Promoting the Water-Reduction Kinetics and Alkali Tolerance of MoNi 4 Nanocrystals via a Mo 2 TiC 2 T x Induced Built-In Electric Field.

Mo-Ni alloy-based electrocatalysts are regarded as promising candidates for the hydrogen evolution reaction (HER), despite their vulnerable stability in alkaline solution that hampers further application. Herein, Mo 2 TiC 2 T x MXene, is employed as a support for MoNi 4 alloy nanocrystals (NCs) to fabricate a unique nanoflower-like MoNi 4 -MX n electrocatalyst. A remarkably strong built-in electric field is established at the interface of two components, which facilitates the electron transfer from Mo 2 TiC 2 T x to MoNi 4 . Due to the accumulation of electrons at the MoNi 4 sites, the adsorption of the catalytic intermediates and ionic species on MoNi 4 is affected consequently.
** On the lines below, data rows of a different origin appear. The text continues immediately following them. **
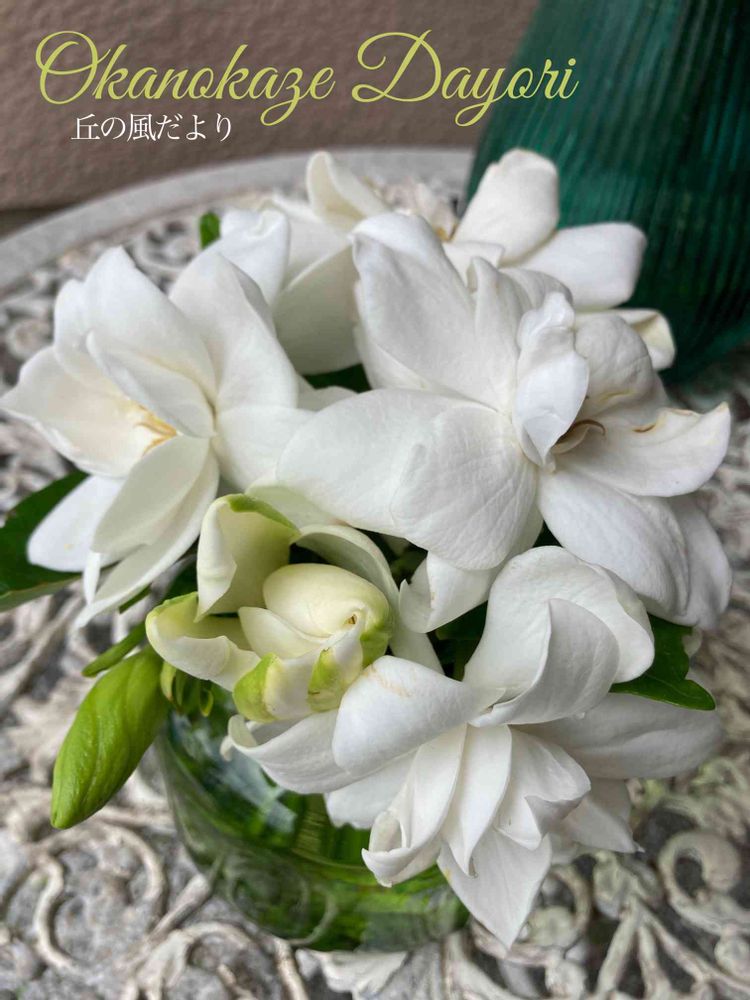 クチナシ三昧、まだまだ続きます😅今朝は外に生けて見ましたー✨あと1回くらいイケるかな、、もういい?🤭
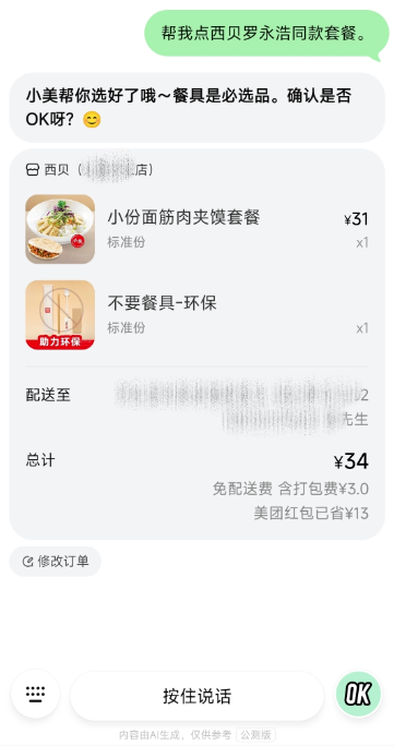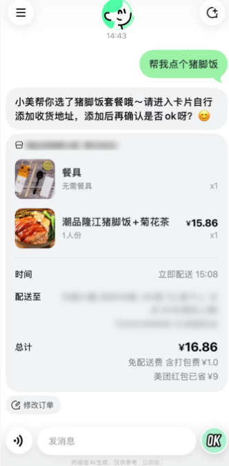 一句话帮你点外卖,一杯奶茶、一份工作餐,只需要一句话就够了;
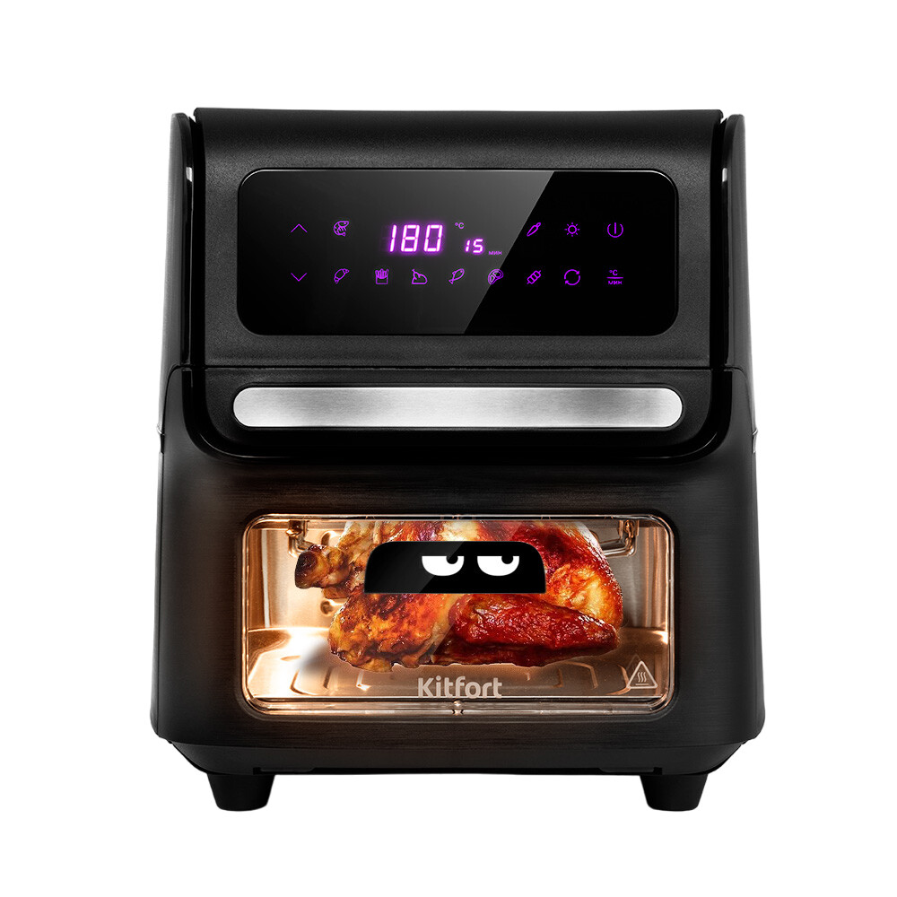 Аэрогриль Kitfort KT-2236 является универсальным устройством для приготовления пищи, он совмещает в себе множество функций: аэрогриль, духовка, шашлычница и сушилка для овощей и фруктов.
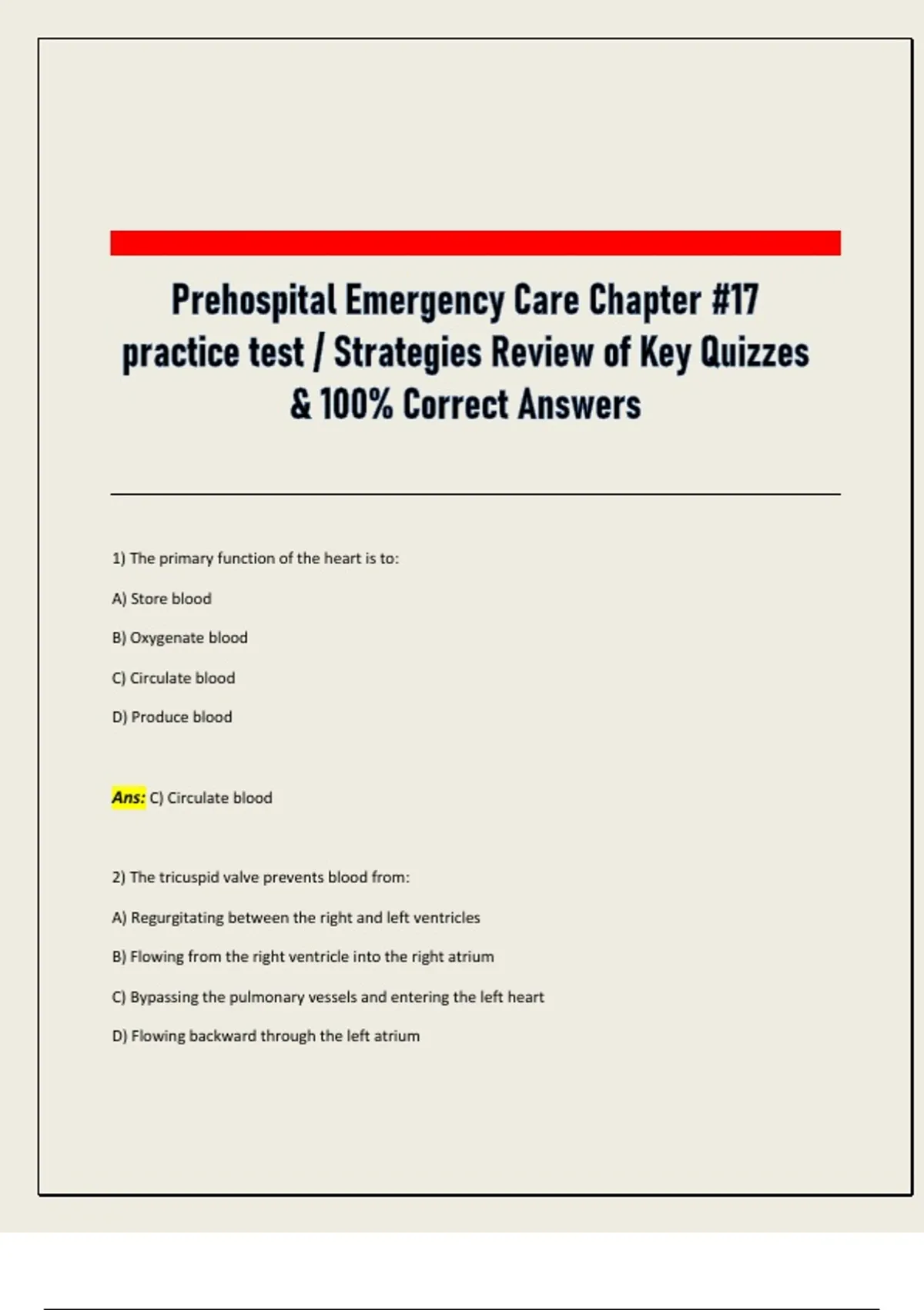Ans: C) Circulate blood
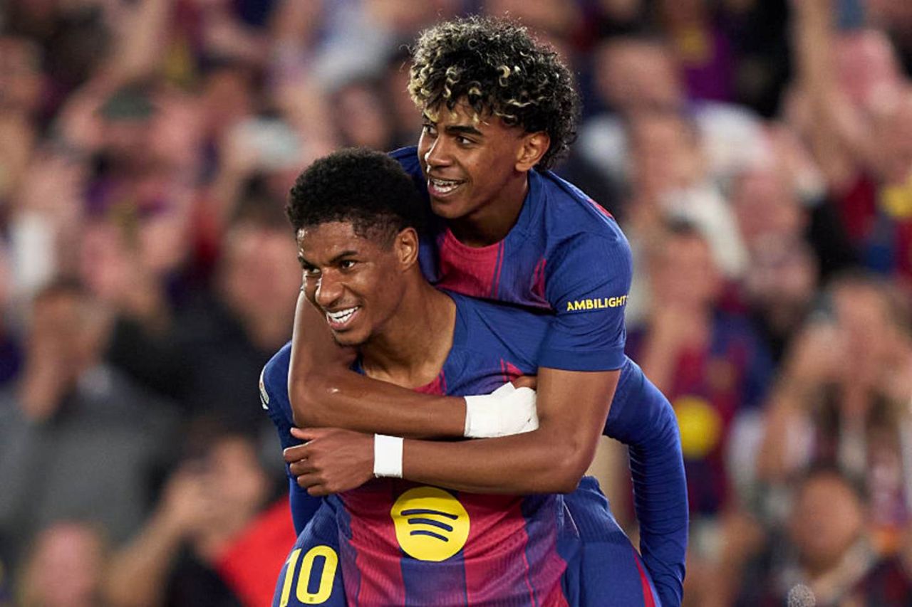 Selebrasi Marcus Rashford usai buat Barcelona unggul 4-1 atas Espanyol dalam laga La Liga 2025/2026 jornada ke-31, Minggu 12 April 2026-Pedro Salado-Getty Images
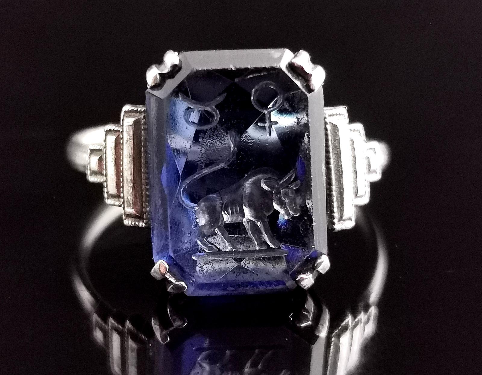 Vintage Art Deco Zodiac Intaglio Ring, Sterling Silver, Taurus
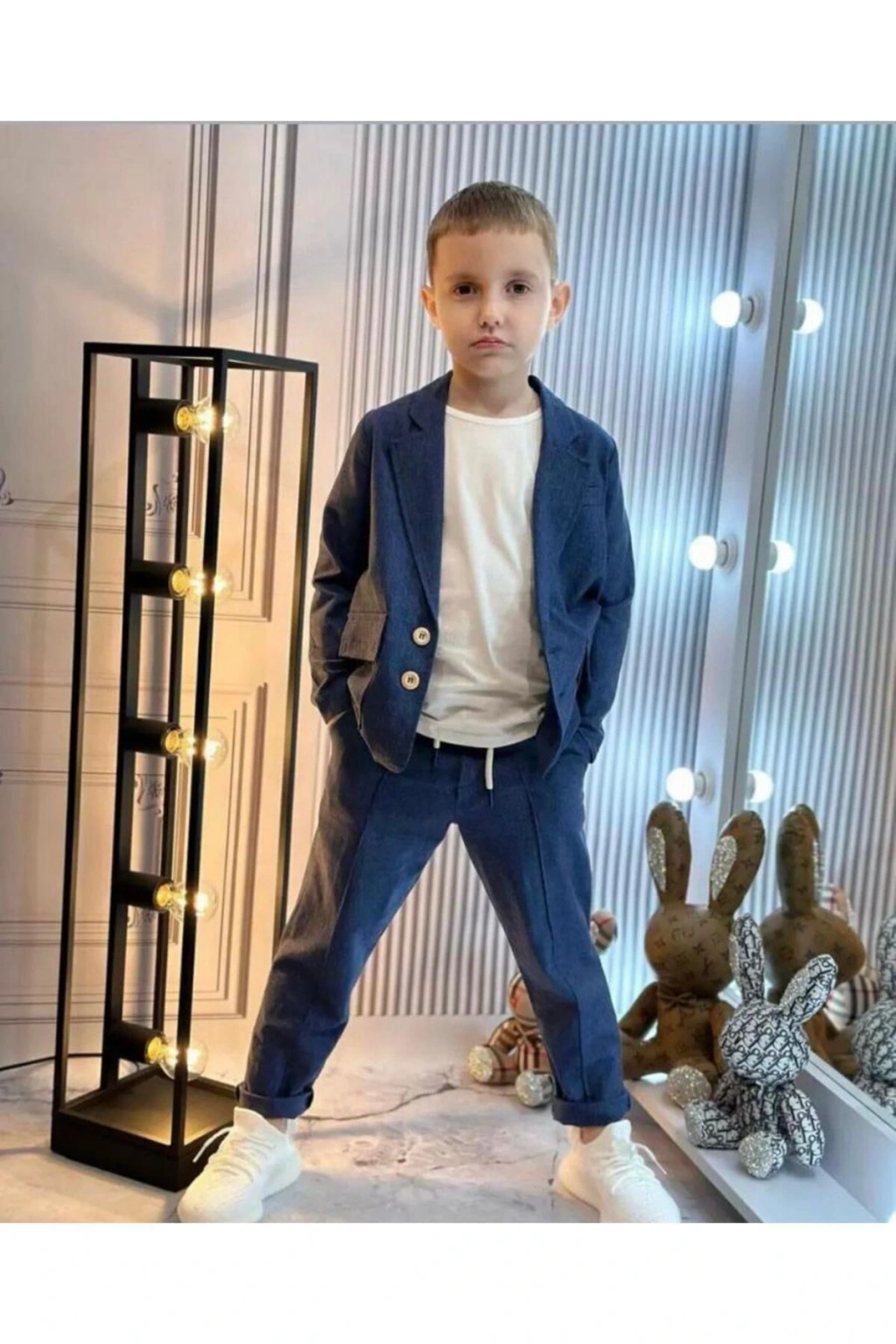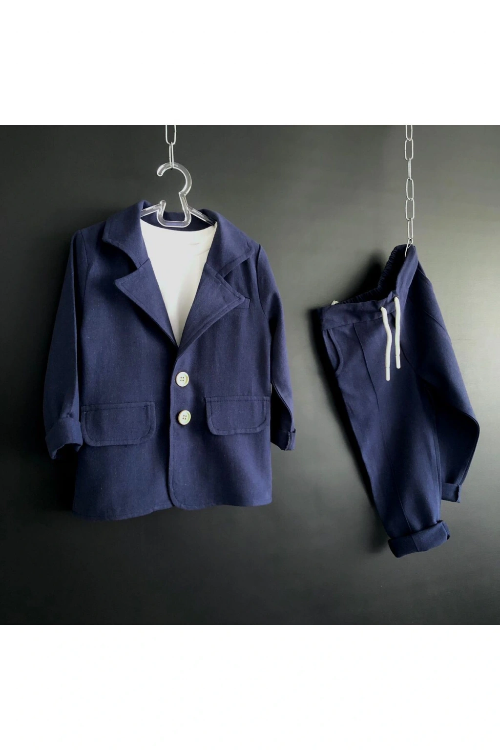 - Rahat kesimi ile oversize kalıpta tasarlanmış, çocukların hareket özgürlüğünü kısıtlamayan bir yapıya sahiptir.; - Doğal keten kumaşı sayesinde yaz aylarında serin tutan ve nefes alabilen bir kullanım sunar.; - Lacivert rengiyle şıklığı ve kolay kombinlenebilirliği bir arada barındırır; her türlü günlük aktiviteye uyum sağlar.; - 13-14 yaş arası çocuklar için ideal beden ölçüsüyle doğru boyutlarda tasarlanmıştır.; - Kolay bakım imkanı sağlayan yıkama talimatları ile pratik kullanım vaat eder.; - Cepsiz yapısıyla modern bir görünüm sergilerken, lastik detaylarıyla rahatlık hissi artırır.; - Boru paça tasarımı hem konforlu hem de trend bir siluet oluştururken, normal bel yüksekliği gün boyu rahat etmenizi sağlar.; - Astarsız olması hafifliği ön planda tutarken, kısa kol boyu sıcak havalarda serinlik sunar.; - Günlük kullanım için ideal olan bu takım, casual ortamlarda şık bir tercih olabilir.; - %100 pamuk materyali cildi tahriş etmeden yumuşak dokunuşlarla konforlu bir deneyim sunar.; - Sürdürülebilirlik detayı bulunmayan bu ürünün üretiminde çevreye duyarlı yaklaşımlar benimsenmemiş olsa da kalite standartlarından ödün verilmemiştir.; - Kemersiz tasarımı sayesinde basitlikten yana olanların tercihi olurken, günlük giyiminize minimalist bir dokunuş katmanızda yardımcı olur.; - ZEHRA KAYA ŞAHİN tarafından Bursa'da üretilen bu takım, yerel üretim avantajlarıyla desteklenerek yerel ekonomiye katkıda bulunurken aynı zamanda kalite standartlarından ödün vermeyen bir yapıya sahiptir.

As a result, the MoNi 4 -MX 10 nanohybrid exhibits the lowest overpotential, even lower than 10% Pt/C catalyst at the current density of 10 mA cm -2 in 1 m KOH solution (122.19 vs 129.07 mV, respectively). Furthermore, a lower Tafel slope of 55.88 mV dec -1 is reported as compared to that of the 10% Pt/C (65.64 mV dec -1 ). Additionally, the MoNi 4 -MX 10 catalyst also displays extraordinary chemical stability in alkaline solution, with an activity loss of only 0.15% per hour over 300 h of operation. This reflects the great potential of using MXene-based interfacial engineering for the synthesis of a highly efficient and stable electrocatalyst.